Biden has also pushed for more liberal policies he hasn’t been able to get. The Supreme Court struck down his huge effort at student debt forgiveness, forcing Biden to adopt a Plan B that’s far less ambitious. Biden wanted Congress to raise taxes on businesses and the wealthy and roll out a bevy of social programs, but the votes weren’t there. Congress has essentially prevented Biden from being more liberal.
It’s also true that the traditional concepts of liberal, conservative, and centrist politics are shifting, with Biden himself powering some of the change. Biden signed into law massive tax credits to subsidize new investments in certain sectors of the economy, a form of “corporate welfare” Republicans often stand accused of. Yet Biden is doing it to speed the transition from carbon energy to renewables, a liberal priority.

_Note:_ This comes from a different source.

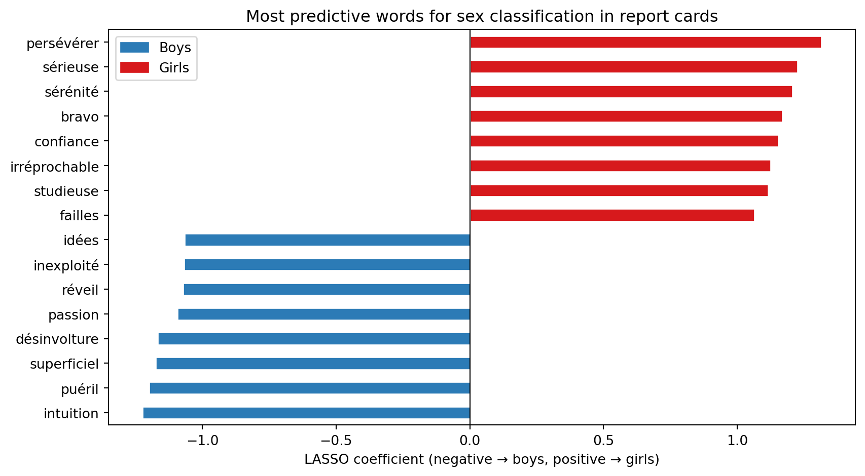 # Synthetic data to illustrate the techniquefemale_words = ["sérieuse", "exemplaire", "persévérer", "appliquée", "studieuse","difficultés", "fragilités", "failles", "hésitations", "découragée","irréprochable", "confiance", "bravo", "efforts", "sérénité"]male_words = ["intuition", "passion", "curiosité", "idées", "aisance","brouillon", "dilettante", "désinvolture", "puéril", "agité","s'amuse", "superficiel", "endormi", "inexploité", "réveil"]neutral_words = ["travail", "résultats", "trimestre", "niveau", "progrès"]def generate_report(sex, n=300): words = []if sex =="female": words += np.random.choice(female_words, size=4, replace=True).tolist() words += np.random.choice(male_words, size=1, replace=True).tolist()else: words += np.random.choice(male_words, size=4, replace=True).tolist() words += np.random.choice(female_words, size=1, replace=True).tolist() words += np.random.choice(neutral_words, size=3, replace=True).tolist() np.random.shuffle(words)return" ".join(words)n_students =500sexes = np.random.choice(["female", "male"], size=n_students)reports = [generate_report(s) for s in sexes]y = (sexes =="female").astype(int)vectorizer = CountVectorizer(max_features=200)X = vectorizer.fit_transform(reports)clf = LogisticRegression( penalty="l1", # lasso C=0.5, solver="liblinear", random_state=42 )scores = cross_val_score(clf, X, y, cv=5, scoring="accuracy")print(f"Gap: +{(scores.mean()-0.5)*100:.1f} pp")# Visualise the most predictive wordsclf.fit(X, y)feature_names = vectorizer.get_feature_names_out()coefs = pd.Series(clf.coef_[0], index=feature_names).sort_values()top_male = coefs.head(8) # negative coef → maletop_female = coefs.tail(8) # positive coef → femaletop = pd.concat([top_male, top_female])colors = ["#2c7bb6"if c <0else"#d7191c"for c in top]fig, ax = plt.subplots(figsize=(9, 5))top.plot(kind="barh", color=colors, ax=ax, edgecolor="white")ax.axvline(0, color="black", linewidth=0.8)ax.set_xlabel("LASSO coefficient (negative → boys, positive → girls)")ax.set_title("Most predictive words for sex classification in report cards")blue_patch = mpatches.Patch(color="#2c7bb6", label="Boys")red_patch = mpatches.Patch(color="#d7191c", label="Girls")ax.legend(handles=[blue_patch, red_patch])plt.tight_layout()plt.show()

Republicans, meanwhile, attack businesses for being too “woke” and liberal on social issues, sometimes trying to strong-arm firms into adopting more conservative policies. That’s government intrusion. Biden is laissez-faire by comparison. Republicans also attack the FBI and other law enforcement agencies for investigating or prosecuting Trump and other conservatives, despite clear evidence of wrongdoing. That has left Democrats standing as the law-and-order party, by default. If the fog of politics leaves some voters thinking Biden is the man in the middle, he probably won’t complain.